Step 2: Activation Functions

We need sigmoid, tanh, and ReLU to test each init strategy with its intended activation.

def sigmoid(x):
    x = max(-500, min(500, x))
    return 1.0 / (1.0 + math.exp(-x))


def tanh_act(x):
    return math.tanh(x)


def relu(x):
    return max(0.0, x)

Step 3: Forward Pass Through 50 Layers

Pass random data through a deep network and measure mean activation magnitude at each layer.

def forward_deep(init_fn, activation_fn, n_layers=50, width=64, n_samples=100):
    random.seed(42)
    layer_magnitudes = []

    inputs = [[random.gauss(0, 1) for _ in range(width)] for _ in range(n_samples)]

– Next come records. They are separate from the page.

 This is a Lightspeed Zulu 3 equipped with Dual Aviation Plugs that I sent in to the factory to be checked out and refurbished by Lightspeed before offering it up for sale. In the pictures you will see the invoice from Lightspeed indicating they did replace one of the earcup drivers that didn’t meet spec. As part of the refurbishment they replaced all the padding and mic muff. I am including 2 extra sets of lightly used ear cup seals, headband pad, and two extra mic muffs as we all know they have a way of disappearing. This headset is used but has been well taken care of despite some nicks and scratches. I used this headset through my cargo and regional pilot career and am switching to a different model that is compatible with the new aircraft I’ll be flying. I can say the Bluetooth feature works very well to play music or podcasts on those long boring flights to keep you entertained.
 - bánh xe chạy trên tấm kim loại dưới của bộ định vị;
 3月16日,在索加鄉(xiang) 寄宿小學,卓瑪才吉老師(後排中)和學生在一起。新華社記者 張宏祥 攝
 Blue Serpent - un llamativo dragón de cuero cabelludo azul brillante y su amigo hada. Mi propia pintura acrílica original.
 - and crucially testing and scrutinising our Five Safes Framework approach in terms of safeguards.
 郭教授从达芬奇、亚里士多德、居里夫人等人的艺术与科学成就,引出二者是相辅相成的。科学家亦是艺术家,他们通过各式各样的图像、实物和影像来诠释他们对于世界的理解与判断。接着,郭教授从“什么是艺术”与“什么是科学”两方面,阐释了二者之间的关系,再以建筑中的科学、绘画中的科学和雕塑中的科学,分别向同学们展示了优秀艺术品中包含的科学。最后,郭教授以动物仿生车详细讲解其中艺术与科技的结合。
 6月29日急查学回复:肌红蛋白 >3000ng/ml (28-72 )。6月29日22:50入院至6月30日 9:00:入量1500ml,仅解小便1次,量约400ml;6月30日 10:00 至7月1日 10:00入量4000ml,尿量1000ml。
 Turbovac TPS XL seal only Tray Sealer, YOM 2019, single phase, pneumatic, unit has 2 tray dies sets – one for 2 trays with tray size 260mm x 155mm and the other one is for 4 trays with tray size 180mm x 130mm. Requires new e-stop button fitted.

    for layer_idx in range(n_layers):
        weights = init_fn(width, width)
        biases = [0.0] * width

        new_inputs = []
        for sample in inputs:
            output = []
            for neuron_idx in range(width):
                z = sum(weights[neuron_idx][j] * sample[j] for j in range(width)) + biases[neuron_idx]
                output.append(activation_fn(z))
            new_inputs.append(output)
        inputs = new_inputs

        magnitudes = []
        for sample in inputs:
            magnitudes.append(sum(abs(v) for v in sample) / width)
        mean_mag = sum(magnitudes) / len(magnitudes)
        layer_magnitudes.append(mean_mag)

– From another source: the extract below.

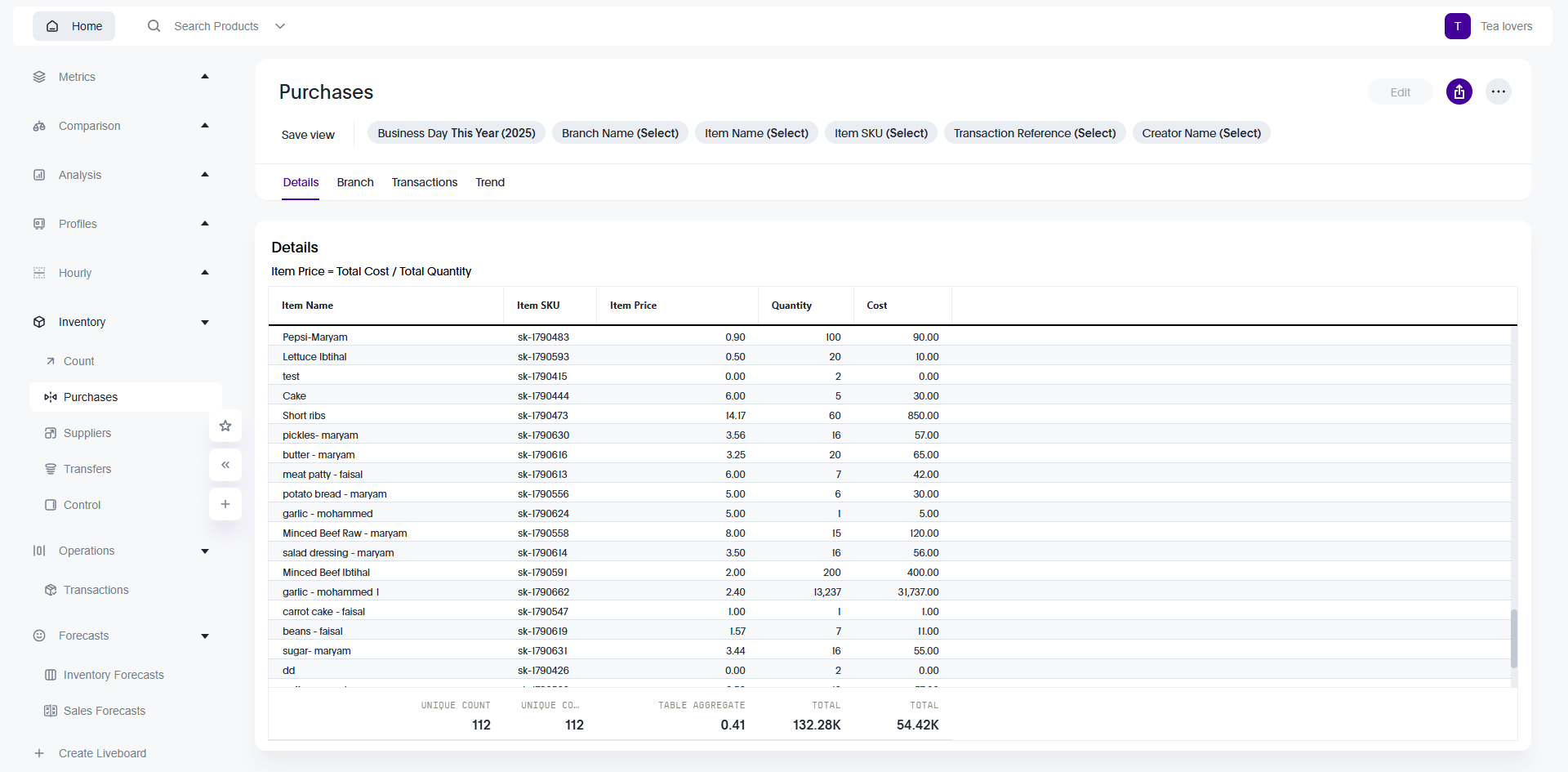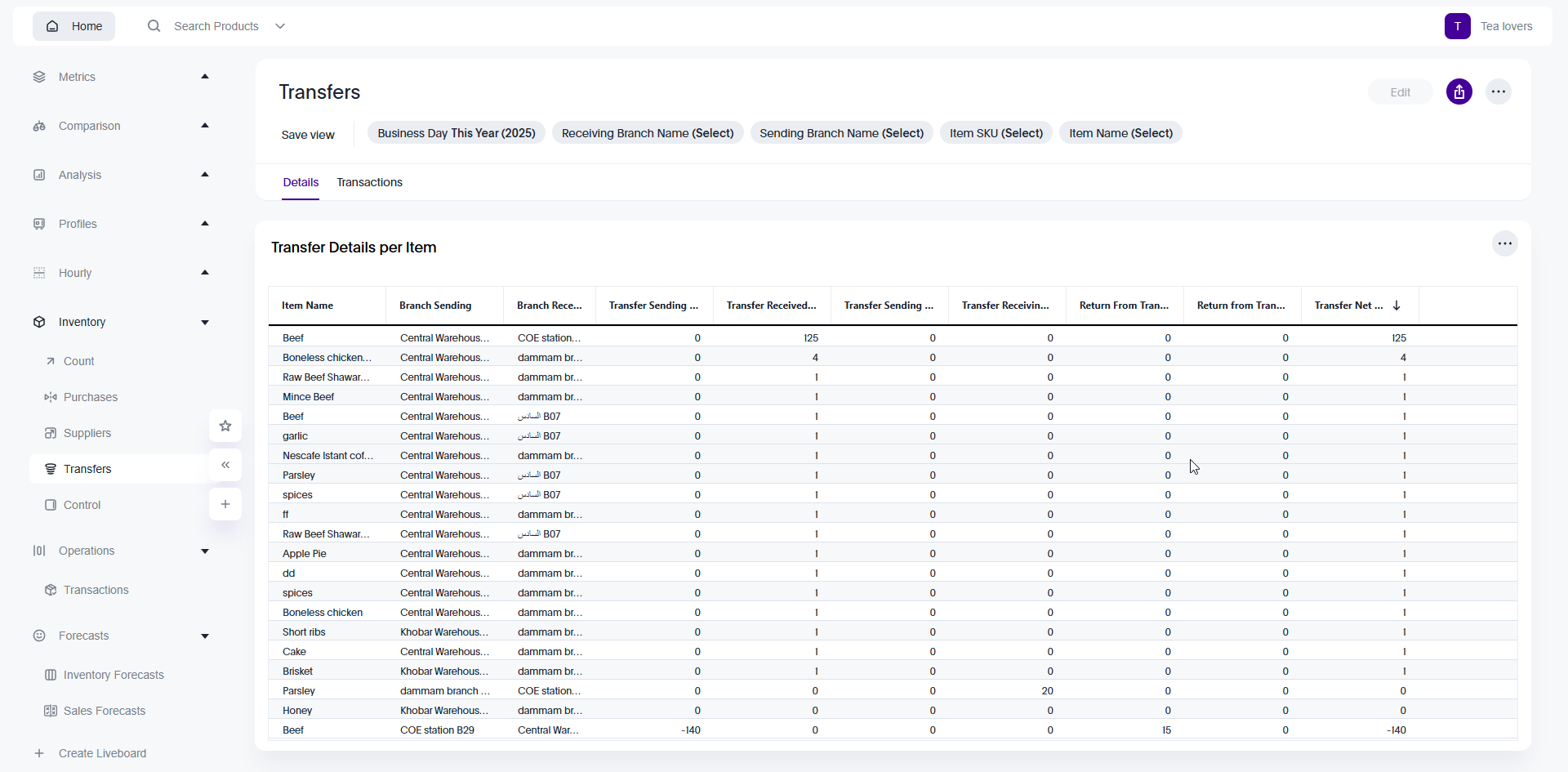 - Transfers: Same as the above, it will display the total transfer of an inventory item per branch and destination, how much was transferred out, actually received, Their costs, and any returns with a total net transfers at the end.

    return layer_magnitudes

Step 4: The Experiment

Run all combinations: zero init, random N(0,1), random N(0,0.01), Xavier with sigmoid, Xavier with tanh, Kaiming with ReLU. Print the magnitude at key layers.

def run_experiment():
    configs = [
        ("Zero init + Sigmoid", lambda fi, fo: zero_init(fi, fo), sigmoid),
        ("Random N(0,1) + ReLU", lambda fi, fo: random_init(fi, fo, 1.0), relu),
        ("Random N(0,0.01) + ReLU", lambda fi, fo: random_init(fi, fo, 0.01), relu),
        ("Xavier + Sigmoid", xavier_init, sigmoid),
        ("Xavier + Tanh", xavier_init, tanh_act),
        ("Kaiming + ReLU", kaiming_init, relu),
    ]

    print(f"{'Strategy':<30} {'L1':>10} {'L5':>10} {'L10':>10} {'L25':>10} {'L50':>10}")
    print("-" * 80)

    for name, init_fn, act_fn in configs:
        mags = forward_deep(init_fn, act_fn)
        row = f"{name:<30}"
        for idx in [0, 4, 9, 24, 49]:
            val = mags[idx]
            if val > 1e6:
                row += f" {'EXPLODED':>10}"
            elif val < 1e-6:
                row += f" {'VANISHED':>10}"
            else:
                row += f" {val:>10.4f}"
        print(row)

Step 5: Symmetry Demonstration

Show that zero init produces identical neurons.

def symmetry_demo():
    random.seed(42)
    weights = zero_init(2, 4)
    biases = [0.0] * 4

    inputs = [0.5, -0.3]
    outputs = []
    for neuron_idx in range(4):
        z = sum(weights[neuron_idx][j] * inputs[j] for j in range(2)) + biases[neuron_idx]
        outputs.append(sigmoid(z))

    print("\nSymmetry Demo (4 neurons, zero init):")
    for i, out in enumerate(outputs):
        print(f"  Neuron {i}: output = {out:.6f}")
    all_same = all(abs(outputs[i] - outputs[0]) < 1e-10 for i in range(len(outputs)))
    print(f"  All identical: {all_same}")
    print(f"  Effective parameters: 1 (not {len(weights) * len(weights[0])})")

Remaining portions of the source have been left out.